- Background information
The Australian Institute of Family Studies (AIFS) is a Melbourne based Australian Government statutory agency established in 1980 under the Family
Law Act 1975.
The Institute has a proud record of high-quality, responsive and impartial research into the wellbeing of (Australian) families. The vision of Institute is to make a
positive contribution to the wellbeing of families by advancing understanding of the factors affecting families and communicating findings to policy makers, service
providers and the broader community.
-
Source of the data Cook, R. D., and Weisberg, S. (1994). An Introduction to Regression Graphics. Wiley, New York.
-
Aim of the study: Understand how data on various characteristics of the blood varied with sport body size and sex of the athlete.
-
The data are collected from 102 male and 100 female athletes.
They consist of 13 variables.
The first two variables are categorical and especially are the gender of the 2 athlete and their sport.
The remaining 11 variables are various measurements made on the athletes.

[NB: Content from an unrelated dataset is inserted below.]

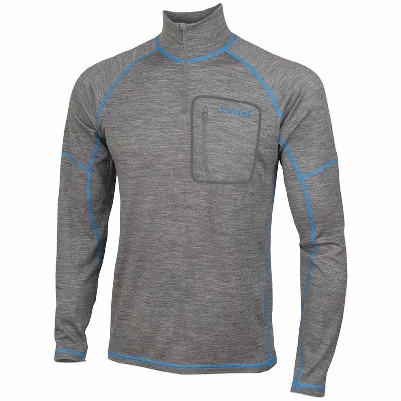 Dovrefjell merinovilla-alusasujen väri on pehmeä meleerattu harmaa, turkoosin sinisillä ompelutereillä tehostettuna.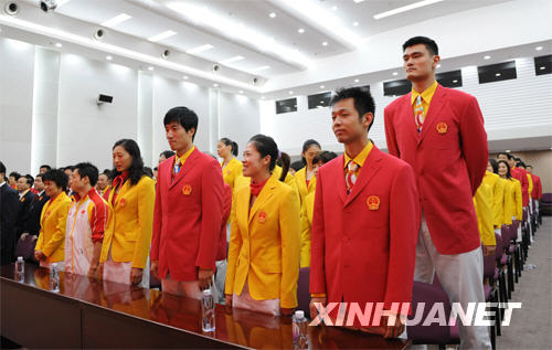 這次的中國(guó)奧運(yùn)軍團(tuán)成立大會(huì)和以往有明顯不同,增加了宣誓。包括劉翔、姚明和許多奧運(yùn)冠軍在內(nèi)的運(yùn)動(dòng)員,身穿佩帶國(guó)徽的奧運(yùn)隊(duì)服,面對(duì)一面巨大的國(guó)旗高唱國(guó)歌,然后在劉鵬的帶領(lǐng)下向祖國(guó)和人民莊嚴(yán)宣誓:“為了祖國(guó)的榮譽(yù),我將在北京奧運(yùn)會(huì)上頑強(qiáng)拼搏,奮勇?tīng)?zhēng)先;團(tuán)結(jié)友愛(ài),公平競(jìng)爭(zhēng);賽出風(fēng)格,賽出水平;尊重對(duì)手,尊重裁判,尊重觀眾;堅(jiān)決反對(duì)興奮劑,干干凈凈參加奧運(yùn)會(huì);取得運(yùn)動(dòng)成績(jī)和精神文明雙豐收,為人生添彩,為奧運(yùn)增輝!為民族爭(zhēng)氣,為祖國(guó)爭(zhēng)光!”

The dataset is available in the file sport.txt. -
Dataset characteristics
The Dataset has the following fields:
Sex: a factor with levels {male, female}
Sport: a factor with levels {BBall, Field, Gym, Netball, Row, Swim, T400m, TSprnt, WPolo }
RCC: red blood cell count, in 10^{10} per liter
WCC: white blood cell count, in 10^{10} per liter
Hc: hematocrit, percent
Hg: hemaglobin concentration, in g per decaliter
Ferr: plasma ferritins, ngr per decaliter
BMI: Body mass index, 102kg/cm2
SSF: sum of skin folds
X.Bfat: percent Body fat
LBM: lean body mass, kg
Ht: height, cm
Wt: weight, kg
- Linear Regression Weight and Height
- Ferretin Multiple Linear Regression
- Ferretin Linear Regression with Log Transformed Data
- Poisson log-linear model for white blood cell count
- Proportion of white blood cells with Binomial Log Regression
- Classification for sport and sex
- Weight and Height Relationship
The interpretation indicates that Height has a significant effect on Weight, with each additional centimeter of Height increasing Weight by 0.42 kilograms, according to the model.
The model explains a large portion of the variability in Weight, and the predictions are expected to be accurate within approximately 11.05 kilograms, with prediction intervals providing an estimate of the range within which future observations are likely to fall.
- Ferretin as a dependent variable with Linear Regression
The multiple linear regression model for predicting Ferritin levels and it does not seem to be a good model mainly due to violation of the linear regression assumptions, so we will try to use the logarith transformed data in order to improve the model and address any violations of the assumptions.
- Log(Ferretin) as a dependent variable with Linear Regression
The log-transformed model has shown improvement in terms of diagnostics, although the normality assumption may still not be fully addressed.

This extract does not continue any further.